Fuego en la sangre
Regalo para Sadie Mapes
Se permitió olvidar por un momento, aquel rencor y odio que le quemaba por dentro. Al menos por una hora o dos, quién sabe… las sesiones de amor eran largas.
Tomó a Ellaria por las piernas y con un ágil movimiento la coloco encima de él. Besó sus labios con pasión y los mordió, extasiado por el momento.
Su esposa, su amante, amiga, su puta, su todo… ella era su otra mitad. Y, aunque nunca le dijese "te amo" (pues, como todos los dornienses, Oberyn no creía en el amor) su corazón latía violentamente al probar el sabor de sus besos.
Se deshizo de la poca tela que cubría la desnudez de su mujer, apretando con sutileza su cuerpo. Ya sentía venir el momento.
Los cabellos sedosos y oscuros como tinieblas resbalaban de su mano. Ellaria dormía plácidamente tras la ardua tarea del amor. Oberyn era su devoto más fiel, aquel que nunca la dejaría por otra mujer. ¿De qué vale tener miles de amantes si nadie se compara a ella? pensaba constantemente al observarla con una inmensa sonrisa en sus labios. No en vano fue la madre de sus cuatro hijos, de sus criaturas con fuego en la sangre.

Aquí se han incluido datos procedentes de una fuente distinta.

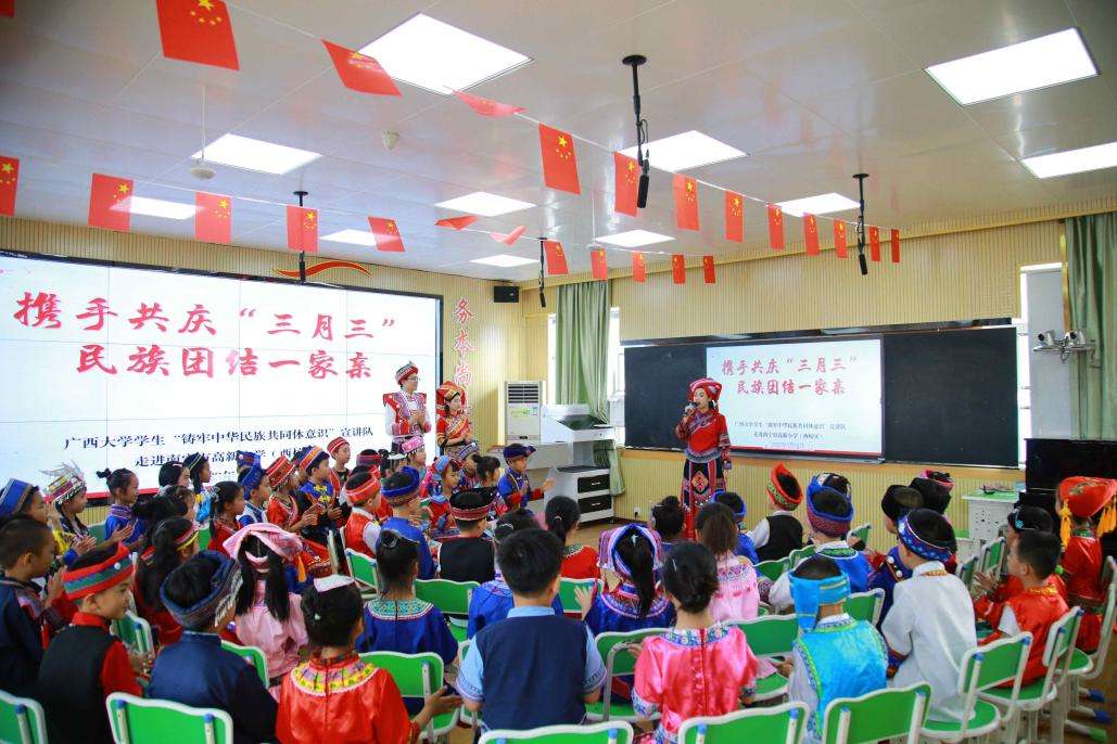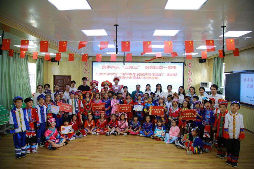 4月19日,米乐电竞|最新APP下载|登录入口,学生“铸牢中华民族共同体意识”宣讲队走进南宁市高新小学西校区开展“携手共庆‘三月三’,民族团结一家亲”的主题活动。

No se arrepentía de la decisión tomada, ni del enfrentamiento que tendría lugar en pocas horas. Se odiaba a sí mismo por haber esperado dieciséis años para vengarse. "Demasiado tiempo cavilando, demasiado" masculló.

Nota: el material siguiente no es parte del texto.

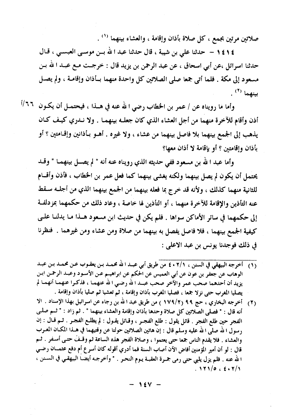 1414 - حَدَّثَنَا عَلِيُّ بْنُ شَيْبَةَ، قَالَ: حَدَّثَنَا عَبْدُ اللهِ بْنُ مُوسَى الْعَبْسِيُّ، قَالَ: حَدَّثَنَا إِسْرَائِيلُ، عَنْ أَبِي إِسْحَاقَ، عَنْ عَبْدِ الرَّحْمَنِ بْنِ يَزِيدَ، قَالَ: " خَرَجْتُ مَعَ عَبْدِ اللهِ بْنِ مَسْعُودٍ إِلَى مَكَّةَ، فَلَمَّا أَتَى جَمْعًا صَلَّى الصَّلاتَيْنِ كُلَّ وَاحِدَةٍ مِنْهُمَا بِأَذَانٍ وَإِقَامَةٍ، وَلَمْ يُصَلِّ بَيْنَهُمَا " وَأَمَّا مَا رُوِّينَاهُ عَنْ عُمَرَ بْنِ الْخَطَّابِ رَضِيَ اللهُ عَنْهُ فِي هَذَا، فَيَحْتَمِلُ أَنْ يَكُونَ أَذَّنَ وَأَقَامَ لِلْآخِرَةِ مِنْهُمَا مِنْ أَجْلِ الْعِشَاءِ الَّذِي كَانَ جَعَلَهُ بَيْنَهُمَا وَلَا نَدْرِي كَيْفَ كَانَ يَذْهَبُ إِلَى الْجَمْعِ بَيْنَهُمَا بِلَا فَاصِلٍ بَيْنَهُمَا مِنْ عِشَاءٍ، وَلَا غَيْرِهِ، أَهُوَ بِأَذَانَيْنِ وَإِقَامَتَيْنِ؟ أَوْ بِأَذَانٍ وَإِقَامَتَيْنِ؟ أَوْ بِإِقَامَةٍ لَا أَذَانَ مَعَهَا؟ وَأَمَّا عَبْدُ اللهِ بْنُ مَسْعُودٍ فَفِي حَدِيثِهِ الَّذِي رُوِّينَاهُ عَنْهُ، أَنَّهُ " لَمْ يُصَلِّ بَيْنَهُمَا "، وَقَدْ يَحْتَمِلُ أَنْ يَكُونَ لَمْ يُصَلِّ بَيْنَهُمَا، وَلَكِنَّهُ يَغْشَى بَيْنَهُمَا كَمَا فَعَلَ عُمَرُ بْنُ الْخَطَّابِ، فَأَذَّنَ وَأَقَامَ لِلثَّانِيَةِ مِنْهُمَا كَذَلِكَ، وَلِأَنَّهُ قَدْ خَرَجَ بِمَا فَعَلَهُ بَيْنَهُمَا مِنَ الْجَمْعِ بَيْنَهُمَا الَّذِي مِنْ أَجْلِهِ سَقَطَ عَنْهُ التَّأْذِينُ وَالْإِقَامَةُ لِلْآخِرَةِ مِنْهُمَا، أَوِ التَّأْذِينُ لَهَا خَاصَّةً، وَعَادَ ذَلِكَ مِنْ حُكْمِهِمَا بِمُزْدَلِفَةَ إِلَى حُكْمِهِمَا فِي سَائِرِ الْأَمَاكِنِ سِوَاهَا فَلَمْ يَكُنْ فِي حَدِيثِ ابْنِ مَسْعُودٍ هَذَا مَا يَدُلُّنَا عَلَى كَيْفِيَّةِ الْجَمْعِ بَيْنَهُمَا،

Se puso en pie, ataviándose de sus mejores ropajes. Le importaba un bledo el enano de los Lannister, el solo proclamaba venganza. Esperaba ansioso la próxima muerte de la montaña, aquel monstruo que deshonro a su hermana y asesino a su pequeño sobrino. Nada le daba más felicidad en el mundo que verlo muerto.
—Amado mío—Ellaria habló con voz trémula, alisándose el vestido—Ganarás, ¿Verdad? Vuelve, por favor.
Oberyn reparó en el evidente miedo en su voz, y trazando sutilmente el perfil de su divino rostro que connotaba desasosiego dijo, restándole importancia al asunto:
—Te seré sincero, mi querida—bajo la vista, rehuyendo a su mirada—No sé si regresaré con vida. No, no digas nada. Quiero que me prometas algo.
La mujer reprimió las lagrimas que amenazaban con salir de sus grandes ojos negros, tratando de ser fuerte. Haría todo lo que su víbora le pidiera, todo.
—Dime, Oberyn
—En caso de que yo no vuelva…—su mujer interrumpió, hablando desesperada, pero él la acalló con un gesto de la mano—regresarás inmediatamente a Dorne. Es una orden.
Ellaria asintió, con las mejillas húmedas. Su corazón parecía latir lentamente, el pecho se le oprimía de la angustia. Su instinto le decía que quizás Oberyn no volvería. Acalló el dolor besándolo desaforadamente, a él, el amor de su vida.
Oberyn partió con el corazón roto, sabiéndose su suerte. No le importaba no volver.